I want to know the significance of each coefficient of a logistic regression model using spark function ml_logistic_regression
. The code is as follows:
# data in R
library(MASS)
data(birthwt)
str(birthwt)
detach("package:MASS", unload=TRUE)
# Connection to Spark
library(sparklyr)
library(dplyr)
sc = spark_connect(master = "local")
# copy the data to Spark
birth_sc = copy_to(sc, birthwt, "birth_sc", overwrite = TRUE)
# Model
# create dummy variables for race (race_1, race_2, race_3)
birth_sc = ml_create_dummy_variables(birth_sc, "race")
model = ml_logistic_regression(birth_sc, low ~ lwt + race_2 + race_3)
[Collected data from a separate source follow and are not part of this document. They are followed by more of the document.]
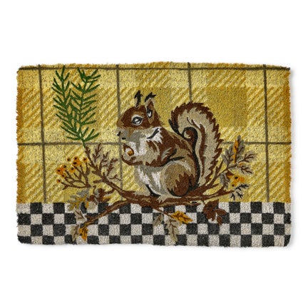 Elevate your entry with this Squirrel Entrance Mat. Crafted from durable coir fibers and features an cheeky squirrel perched on a delicate branch, atop a golden tartan background.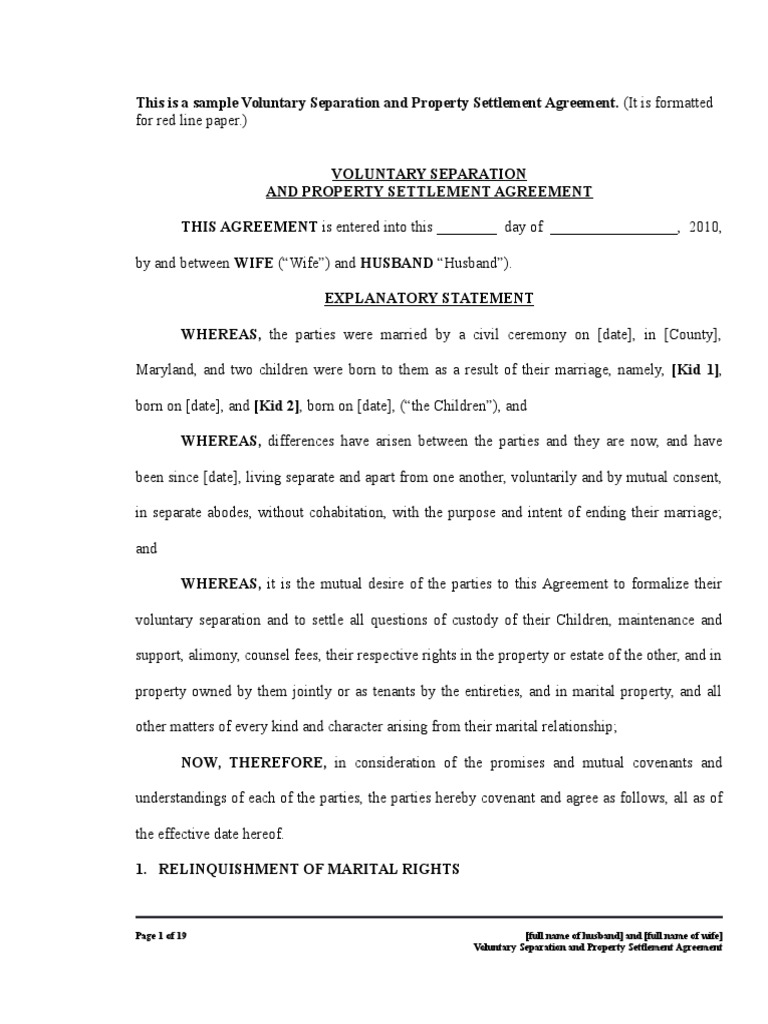 Sample Voluntary Separation and Property Settlement Agreement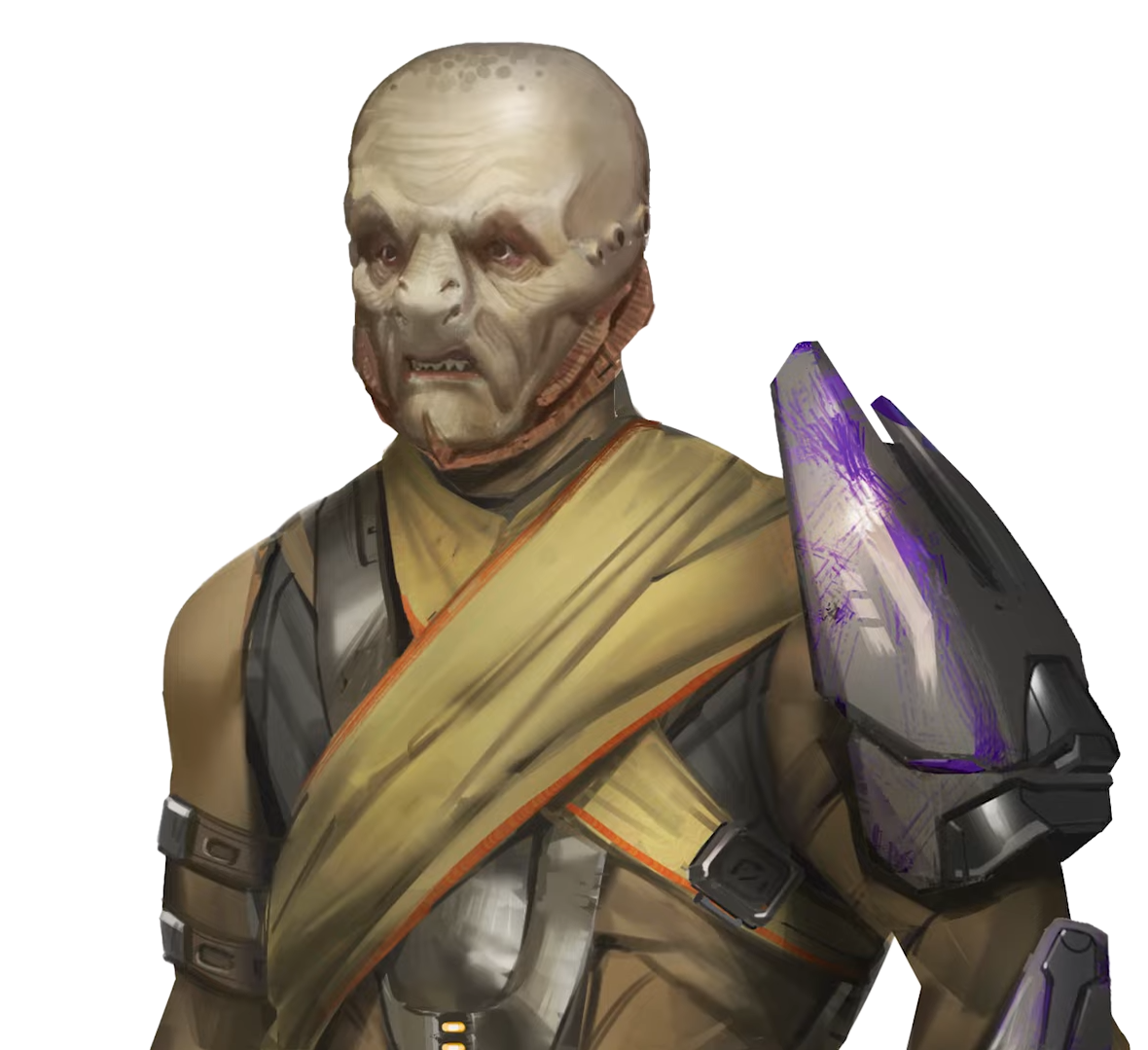 註8:這邊的外貌描述符合雍黑特(Yonhet)這個種族。雍黑特的人數較少,儘管也是星盟的一員,在軍事方面沒有太多發揮空間,反而是以貿易、走私聞名。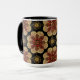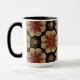 Este café ou uma caneca de chá dramático é perfeito para a sua casa de campo ou fazenda. O padrão apresenta medalhões em tons de ferrugem e ressonância sobre fundo preto. Peça um monte para sua próxima festa de chá ou reunião do clube de livros. Procure os itens de cozinha e jantar correspondentes na coleção. Esta design vem do azulejo real, do azulejo de Oregon Fay Jones Day.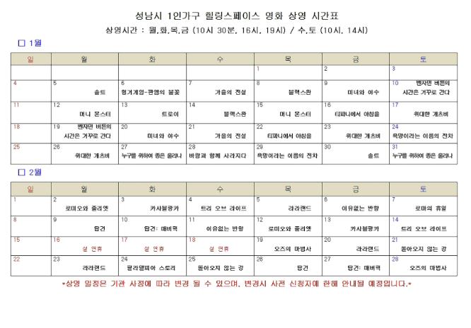 [메이저뉴스]성남시는 오는 2월 28일까지 1인 가구 힐링 스페이스 커뮤니티 홀(중원구 둔촌대로 100 4층)에서 ‘추억의 할리우드 영화’를 총 120회 무료 상영한다.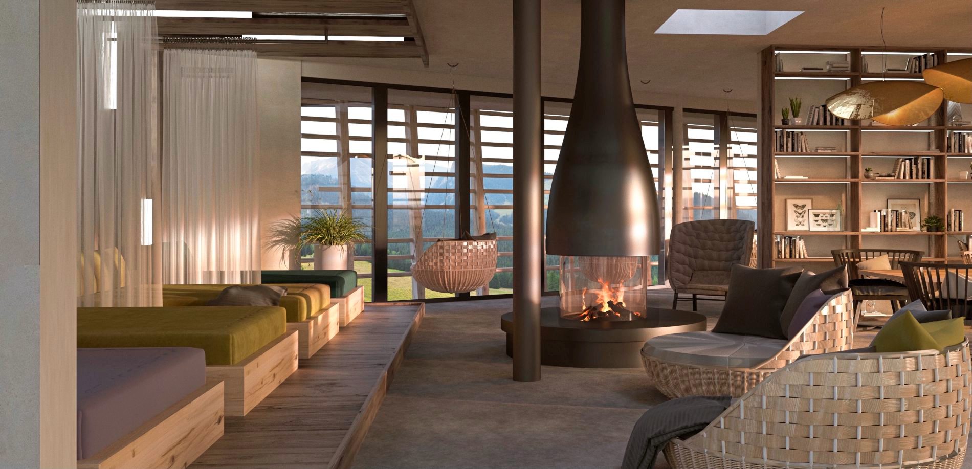 Mehrere Ruheoasen und eine Bibliothek mit Kamin gehören ebenfalls zum neuen Spa. © Gut Steinbach
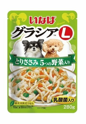 INABA GRACIA L Корм влаж.куриное филе с овощами в желе д/собак пауч 280г (139.1402)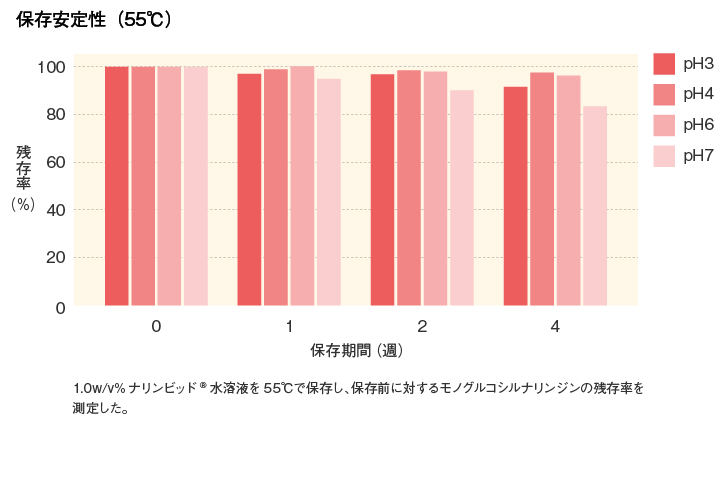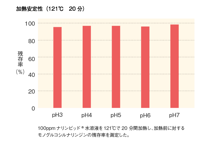 ナリンビッド®は各pHにおいて加熱に対して安定です。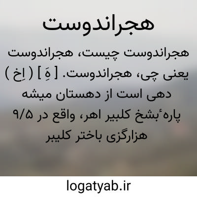 هجراندوست. [ هَِ ] ( اِخ ) دهی است از دهستان میشه پاره ٔبشخ کلبیر اهر، واقع در 9/5 هزارگزی باختر کلیبر و 10 هزارگزی راه شوسه اهر به کلیبر. ناحیه ای است کوهستانی، معتدل و دارای 421 تن سکنه میباشد. از دو رشته چشمه مشروق میشود. محصول آن غلات است. اهالی به زراعت و گله داری گذران میکنند. صنعت دستی آنان گلیم بافی است راه مالرو دارد. ( فرهنگ جغرافیایی ایران ج 4 ).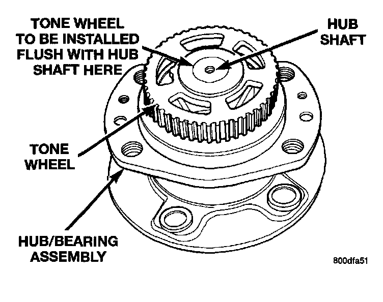 2. Press the tone wheel onto the hub/bearing assembly until it is flush with the end of hub shaft.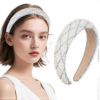 Pearl Rhinestone Headband with Comfortable Non Slip Stretch Fabric for Women in White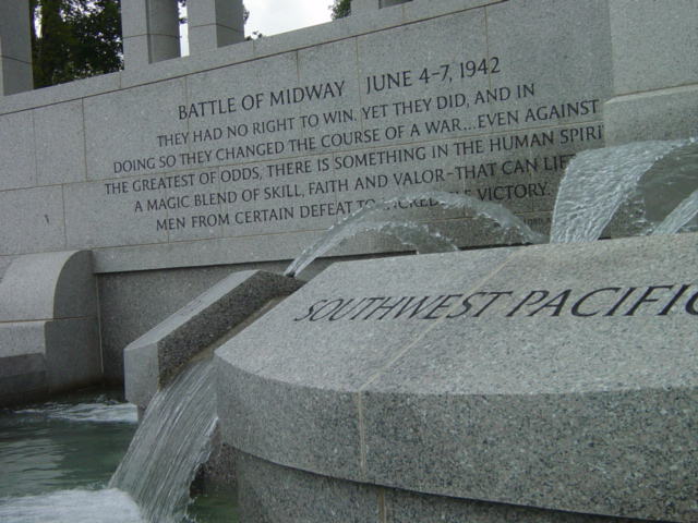 | One of our first stops was the new WWll Monument. There is always controversy surrounding any addition to the present monuments. It has taken its' rightful place and blends smoothly into the Mall. |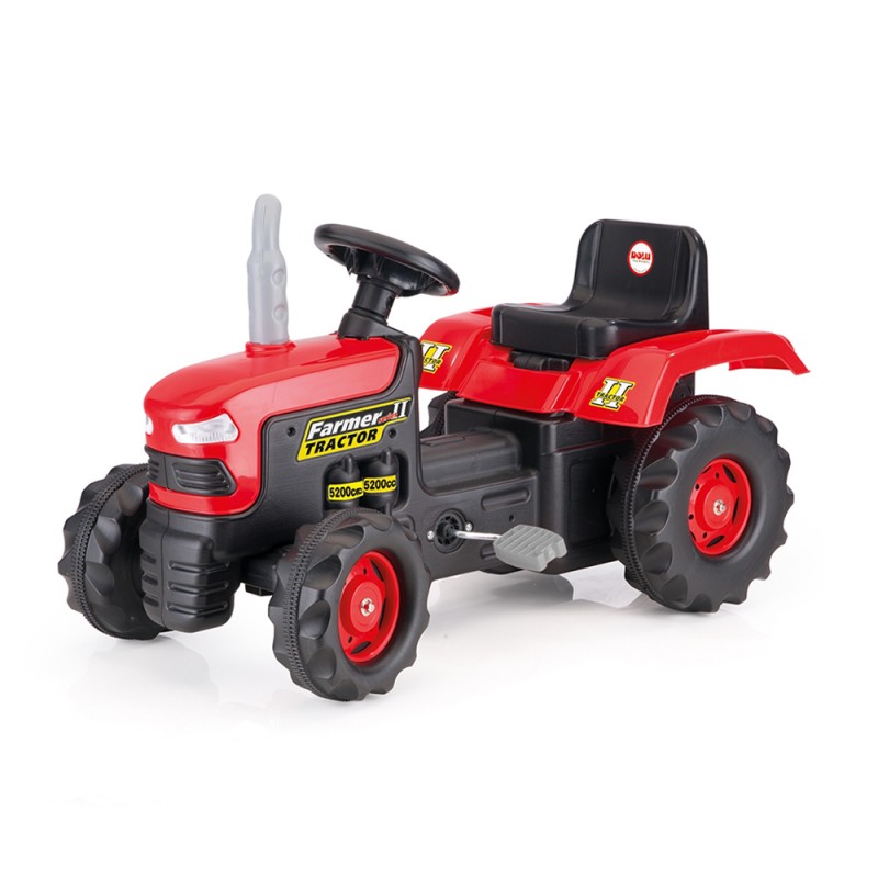 Супер забава за Вашите најмили. Прекрасен трактор на педали изработен од квалитетна цврста пластика и нетоксички бои. Удобно седиште со потпирач за грб.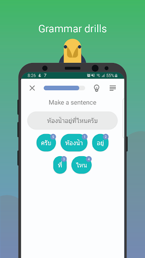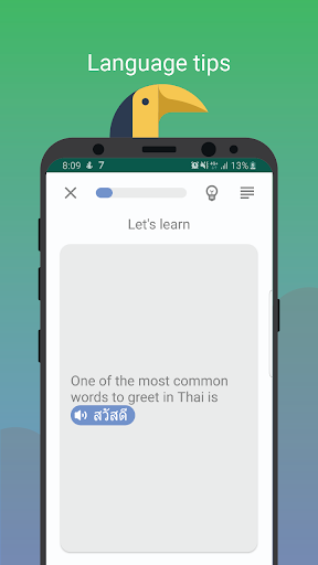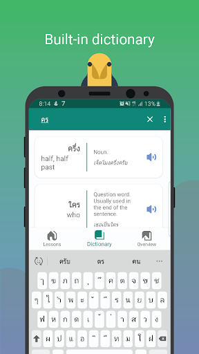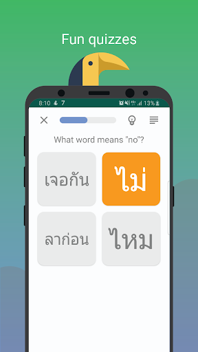 Узнайте тайский язык из мини-уроков и улучшите свои навыки в веселых играх и викторинах!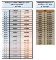 Od 1.1.2026 jsou svozy směsného komunálního odpadu (popelnice) platné dle tabulky uvedné níže. Platnost známek z roku 2025 (do konce února) umožňuje vývoz 1x za 14 dnů dle nových podmínek.

The model I get is the following:
> model
Call: low ~ lwt + race_2 + race_3
Coefficients:
(Intercept) lwt race_2 race_3
0.80575496 -0.01522311 1.08106617 0.48060322
In an R model you use summary
and it gives you the significance of the coefficients, but if I use it with this model I get the same result:
> summary(model)
Call: ml_logistic_regression(birth_sc, low ~ lwt + race_2 + race_3)
Coefficients:
(Intercept) lwt race_2 race_3
0.80575496 -0.01522311 1.08106617 0.48060322
How could get the significance of each variable in the model?